The Shoparound summary, an average of the five cheapest quotes from a range of insurers against a nationwide basket of risks, shows that the cost of buildings cover increased by 0.5% to £181 while for contents cover, the premiums dropped by 1.7% to £109.  The premium for a combined policy, increased by 1.5% to £260.

Over the 12 months ending 31st March, the Shoparound index shows premiums for buildings rose by 7.1%; for contents 3.7% and for combined buildings and contents policies 7.6%.

Simon Douglas, director of AA Insurance says that while the premium increases of the past couple of years, particularly for buildings insurance, appear to have ended insurers remain concerned about the effects of severe weather events on homes.

“We escaped with a relatively mild winter which hasn’t resulted in an avalanche of claims for damage caused by low temperatures and heavy snowfalls.

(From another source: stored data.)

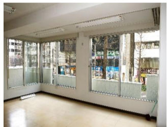
▲南側主開口は人形町通りに面します。
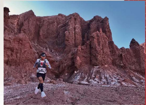
■ 智利亞他加馬沙漠
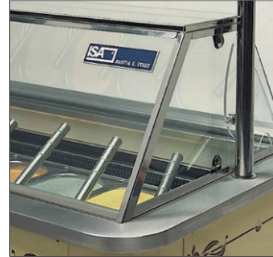
Sobreestructura en cristal con cierre hermético.
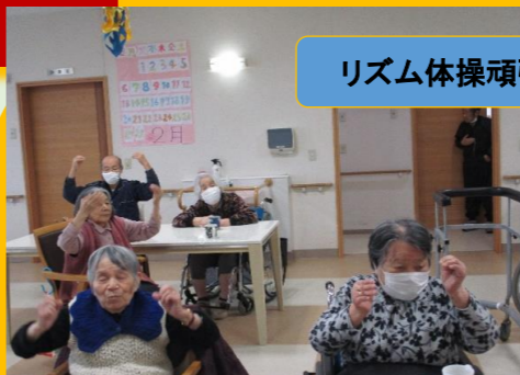
リズム体操頑張ってます🎵
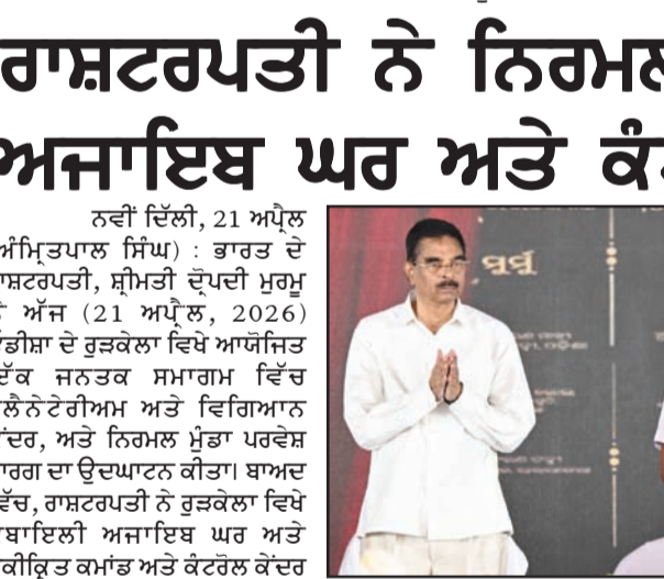
ਸੱਭਿਆਚਾਰਕ ਭਰਪੂਰਤਾ ਨੂੰ ਹੋਰ ਅਮੀਰ ਬਣਾਇਆ। ਉਨ੍ਹਾਂ ਜ਼ੋਰ ਦੇ ਕੇ ਕਿਹਾ ਕਿ ਸੁੰਦਰਗੜ੍ਹ ਬਹਾਦਰ ਵਿਅਕਤੀਆਂ ਅਤੇ ਖੇਡ ਪ੍ਰੇਮੀਆਂ ਦੀ ਧਰਤੀ ਵੀ ਹੈ। ਰਾਸ਼ਟਰਪਤੀ ਨੇ ਕਿਹਾ ਕਿ ਓਡੀਸ਼ਾ ਸਮੇਤ ਭਾਰਤ ਦੇ ਵੱਖ-ਵੱਖ ਖੇਤਰਾਂ ਦੇ ਲੋਕ ਰੁੜਕੋਲਾ ਵਿੱਚ ਰੁਜ਼ਗਾਰ ਅਤੇ ਰੋਜ਼ੀ-ਰੋਟੀ ਦੇ ਉਦੇਸ਼ਾਂ ਲਈ ਰਹਿੰਦੇ ਹਨ। ਇਸ ਵਿਸ਼ਵਵਿਆਪੀ ਸ਼ਹਿਰ ਨੂੰ ਓਡੀਸ਼ਾ ਦੀ ਕਲਾ, ਸਾਹਿਤ,

ਰਾਸ਼ਟਰਪਤੀ ਨੇ ਕਿਹਾ ਕਿ ਸੁੰਦਰਗੜ੍ਹ ਦੀ ਕੁਦਰਤੀ ਸੁੰਦਰਤਾ, ਲੋਕ ਸੱਭਿਆਚਾਰ ਅਤੇ ਵਿਰਾਸਤ ਇੱਕ ਆਕਰਸ਼ਕ ਸੂਚਕ ਰੱਖਦੀ ਹੈ। ਇਸਦੇ ਸੋਧਣੇ ਜਗਲਾਂ, ਪਹਾੜਾਂ, ਝਰਨਿਆਂ ਅਤੇ ਨਦੀਆਂ ਦਾ ਆਕਰਸ਼ਕ ਖੇਤਰ ਹੈ। ਸੁੰਦਰਗੜ੍ਹ ਦੀ ਕਲਾ ਅਤੇ ਸੱਭਿਆਚਾਰ ਨੂੰ ਓਡੀਸ਼ਾ ਦੀ
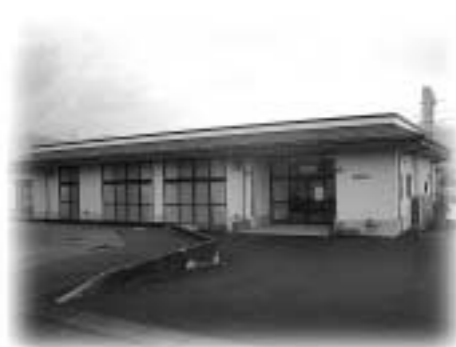
生きがいセンター外観

“In fact, the weather has remained dry which has led to widespread hosepipe bans and speculation that there might be an increase in subsidence claims.

“It is true that extended periods of dry weather can lead to costly subsidence problems and although we are seeing a small increase in such claims it will take sustained low rainfall coupled with high summer temperatures to cause another catastrophic ‘subsidence year’ for the insurance industry.”

Meanwhile, the insurance industry is pressing for government action to ensure that after an agreement between the Association of British Insurers and the Government expires in June 2013, homes in flood-risk areas will still be able to get cover.

Mr Douglas says it’s vital that a solution is reached quickly in order to ensure that at-risk homes can continue to be insured.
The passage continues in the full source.